Looking forward, the analytical lens this article applies has broad relevance beyond Brazil's national experience. The return of Lula to the presidency and the subsequent relaunch of Bolsa Família in its reconstituted form — now as Bolsa Família with higher benefit floors and expanded coverage under the rubric of social protection reform — provides a natural laboratory for assessing the reversibility of drift-type transformation. Whether the institutional memory and administrative infrastructure of the original program survived the Bolsonaro years sufficiently intact to support genuine reconstruction is an empirical question that researchers are only beginning to investigate systematically. At a broader regional level, the Brazilian case invites comparison with other Latin American contexts where right-wing or center-right governments have inherited large-scale transfer programs — Mexico under the PAN, Colombia under Duque, or Ecuador under Lasso — and made analogous choices about how to manage politically embedded social spending they did not create and did not philosophically endorse.
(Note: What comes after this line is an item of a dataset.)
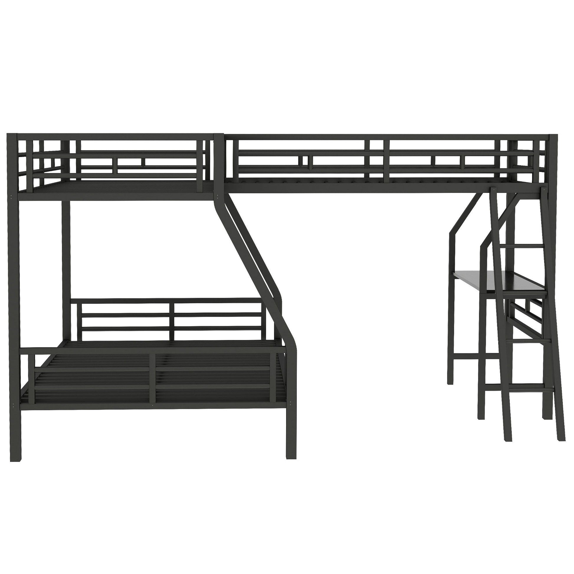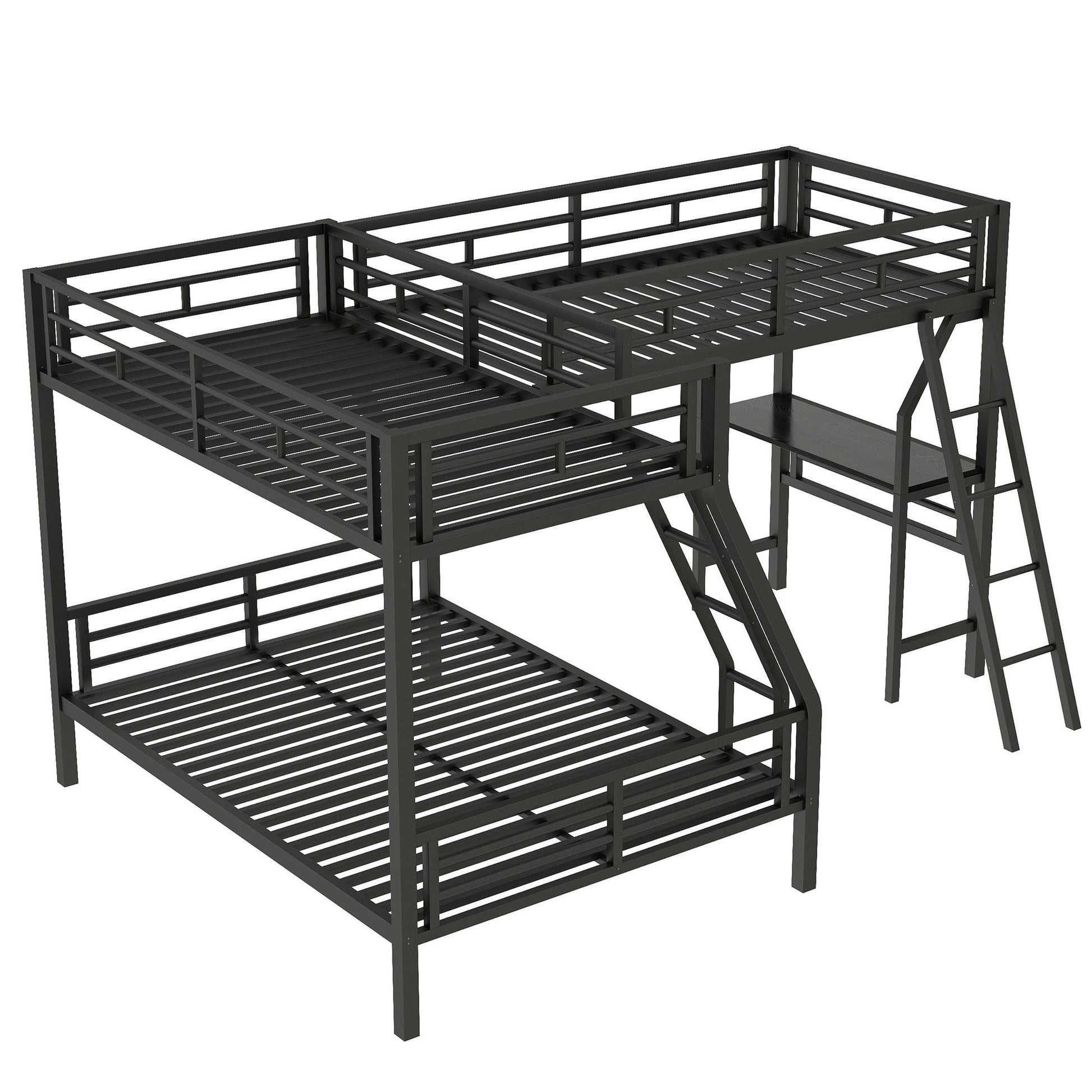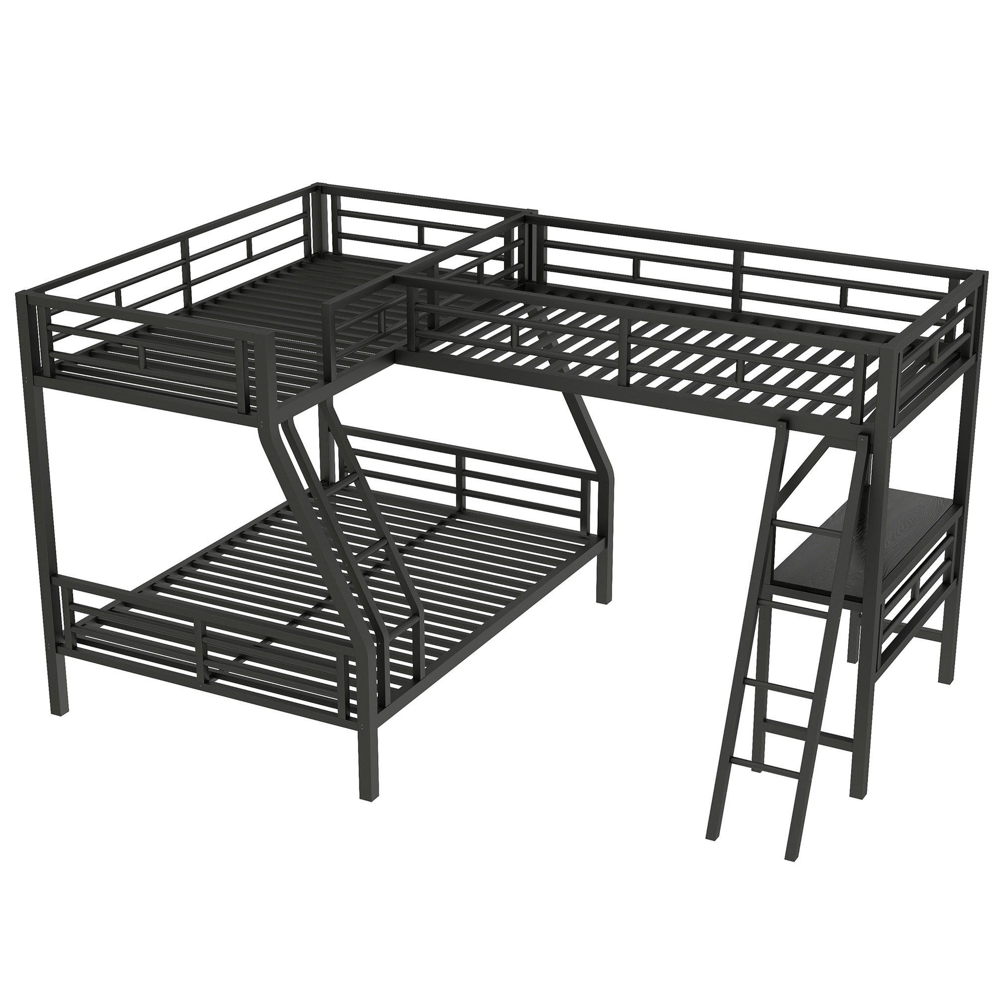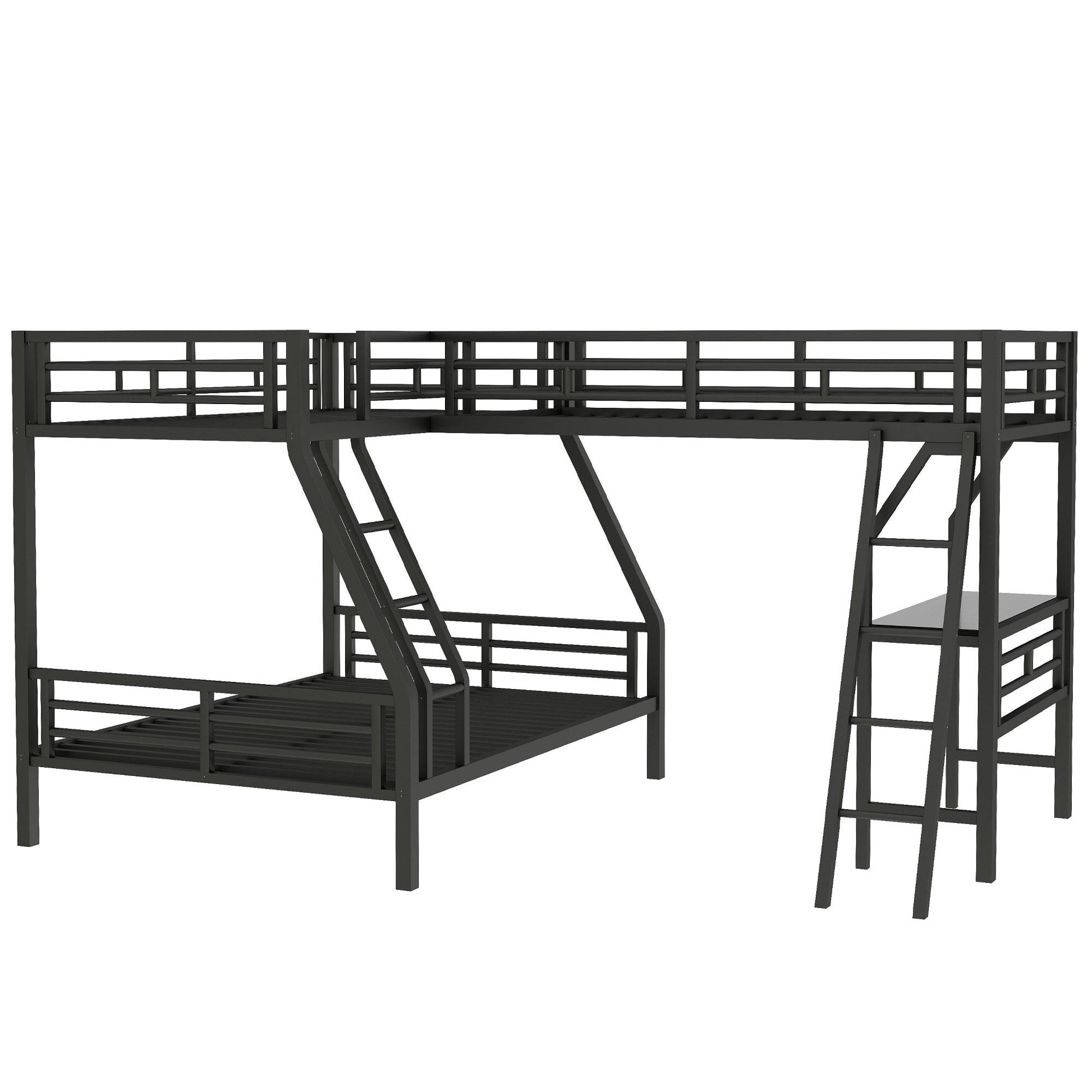Twin Over Full Bunk Bed With Loft And Desk, L-Shaped Design For 3 Sleepers - Black

The "dismantling or drifting" framework may prove as applicable to those cases as it does to Brazil, offering a comparative vocabulary that can sharpen the field's understanding of ideological translation in social policy. For civil society organizations and advocacy networks working to protect redistributive programs under hostile administrations, the lesson is equally pointed: the most consequential struggles over social policy are not always fought at the level of legislative abolition but in the quieter domains of budget allocation, administrative redesign, and conditionality reform — precisely the terrains where mobilization is hardest and external scrutiny most difficult to sustain.